Launching Australia’s first strategy for tackling antibiotic resistance on Tuesday, the health minister, Sussan Ley, said more than 29m prescriptions for antibiotics were subsidised by the government in 2013, with the drugs reaching 45% of the population.
It made Australia’s consumption of antibiotics among the highest in the world, she said. Despite this, Australia has never had a national strategy for tackling antimicrobial resistance until now.
“The over- and misuse of antibiotics has been identified as a significant contributor to the emergence of resistant bacteria,” Ley said.
“Antibiotics and other antimicrobial medicines are a precious resource and this strategy is not about removing access, but about providing guidance to use them in the safest and most effective way.”

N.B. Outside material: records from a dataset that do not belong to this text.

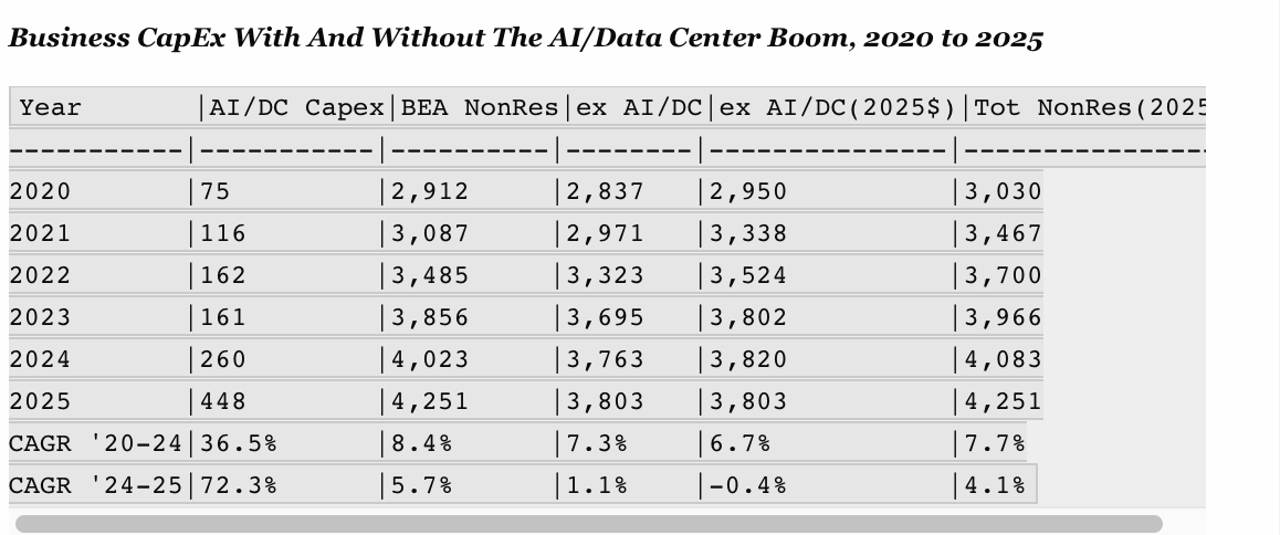The final two columns show the same data in constant dollar terms. Whereas the reported data shows that real nonresidential fixed investment investment (fifth column) rose by a seemingly robust 4.1%during Trump’s first year, capital spending excluding the AI bubble actually shrank at a -0.4% annual rate.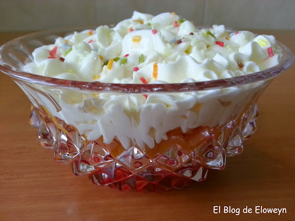Una vez puesta la crema, meterlo otra vez en la nevera y dejadlo hasta el día siguiente. Podéis ponerle por encima algún adorno justo antes de servir. Yo le puse fideos de colores.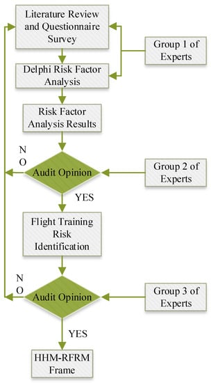 The analysis of flight risk factors is the basis of risk identification. This paper uses the HHM model and the risk identification framework [] (Pilot-in-Command, Aircraft, Environment, External Pressures—PAVE) to identify risk sources, which requires constructing a risk scenario framework for the risks encountered in flight. Based on the iterative idea of the hierarchical holographic modeling process and the Delphi method, this paper constructs the HHM-PAVE framework to identify the risk factors in flight training. The specific process is shown in Figure 2: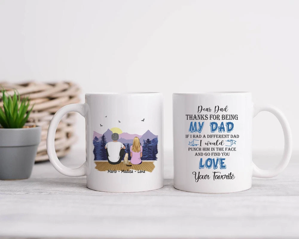 Father And Daughter Coffee Mug Dear Dad Thanks For Being My Dad Coffee Mug Product Details.. This high quality 11oz. ceramic white mug has a premium hard coat that provides crisp and vibrant color reproduction sure to last for years. Perfect for all hot & cold beverages. The highest quality printing possible is used. It will never fade no matter how many times you wash it. Material: 100% Ceramic. Print both sides. Dishwasher and Microwave Safe. High Gloss + Premium White Finish. Printed in the U.S.A. Personalized & Custom. We support personalized and custom mug to add custom, when placing an order, you can add notes to the "order note" in shipping address section. Also you can contact us directly via message. Shipping Info. Ready to ship in 1 to 2 business days, All products are made-to-order and proudly printed in the United States. Shipped by USPS and DHL, You will receive your order in 5-7 days. Replace & Refund. All products are defective during shipping broken, chipped will be replaced free of charge. You are not satisfied with the product, we will refund 100% money to you. If any other issues arise, please do not hesitate to message, we would be more than happy to assist you.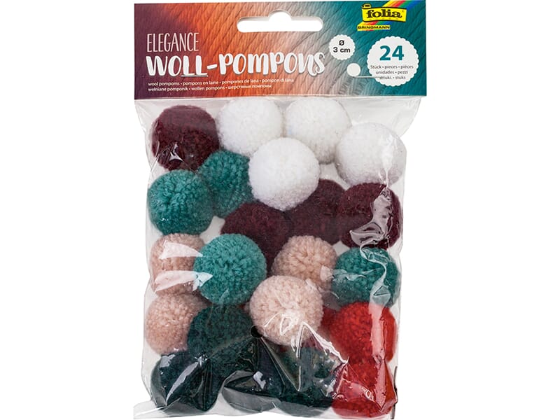 Søte pompoms til hobbyprosjekter og juleverksted. Disse er f.eks kjempe fine til å henge opp på en snor som dekor, eller lage små nisser av. Lag uroer og drømmefangere, eller bruk dem som del av en dekorasjon. Kan brukes til så å si alt av hobby.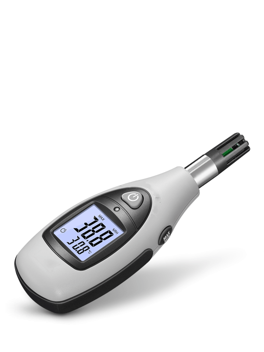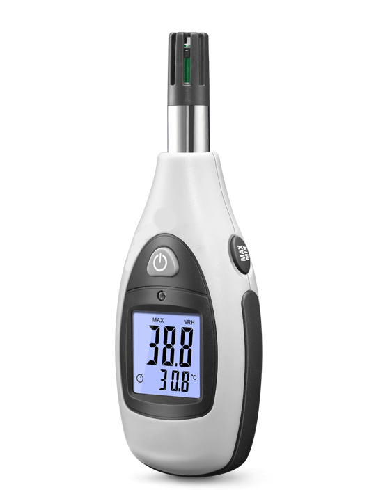 本產(chǎn)品具有小巧便攜、高對比度帶感應(yīng)背光LCD顯示屏、舒適手持感等特征;全新低功耗芯片設(shè)計(jì),輔以科學(xué)算法,快捷精準(zhǔn)的測量空氣溫度和濕度。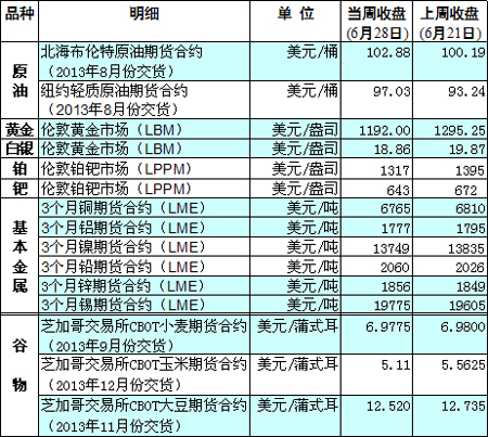 國(guó)際大宗商品期貨價(jià)格明細(xì)表[2013-07-01]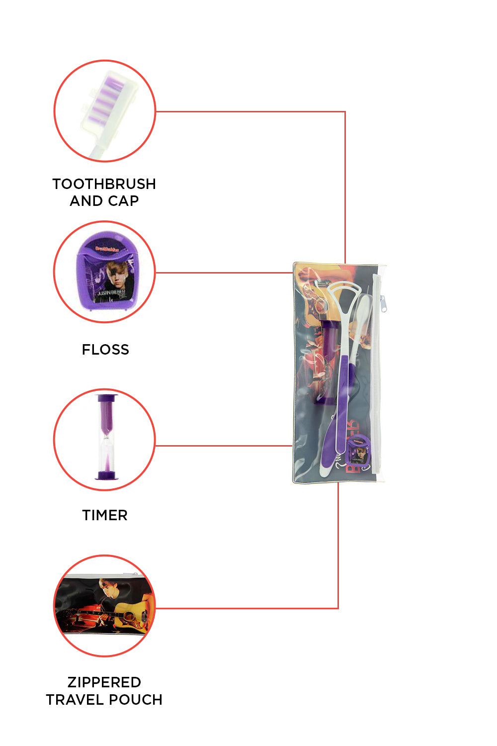 Brush Buddies Justin Bieber Travel Kit is officially licensed Justin Bieber merchandise that is designed in the USA. It looks great with a cute picture of Justin Bieber on it. The kit features a Justin Bieber adult toothbrush, five yards of Justin Bieber mint dental floss, a tongue cleaner a two-minute timer, and a toothbrush cap, pre-packaged in a convenient zippered travel pouch. These tools are important if you want to maintain your oral health while enjoying your travel or holiday. This travel-sized oral hygiene item will make maintaining oral health easier. The more compact your items are, the more likely you are to keep them handy and use them. They are very easy to put in a carry-on or a purse. The kit is white and purple in color. It’s easy to get caught up in the fun of a vacation, but you owe it to your overall health to maintain your oral care routine. Remember to brush twice per day for two minutes at a time, and floss once per day. Not suitable for children less than 3 years.

Ley said 65% of Australians believed antibiotics would help them recover from a cold or flu virus, despite the drugs only being useful to treat bacterial infections.
Results from an Australian Commission on Safety and Quality in Health Care study, released in November, found more than 30% of antibiotic prescriptions in 2013 were inappropriate.
The national strategy also said there was increasing evidence that antibiotic use in agriculture was contributing to resistance rates. However, the strategy acknowledged there was also a lack of monitoring and data in this area.
Ensuring nationally consistent prescription guidelines were developed and followed in human and animal healthcare would be essential, the strategy said.
But Professor Allen Cheng, the director of the infection prevention project at Alfred Health, described the strategy as “long overdue”.
Despite a government joint committee releasing a report on tackling antibiotic resistance in 1999, successive governments had failed to release a comprehensive strategy, he said.
“This is a long overdue statement of policy that recognises the threat that antimicrobial resistance poses to health in Australia,” Cheng said.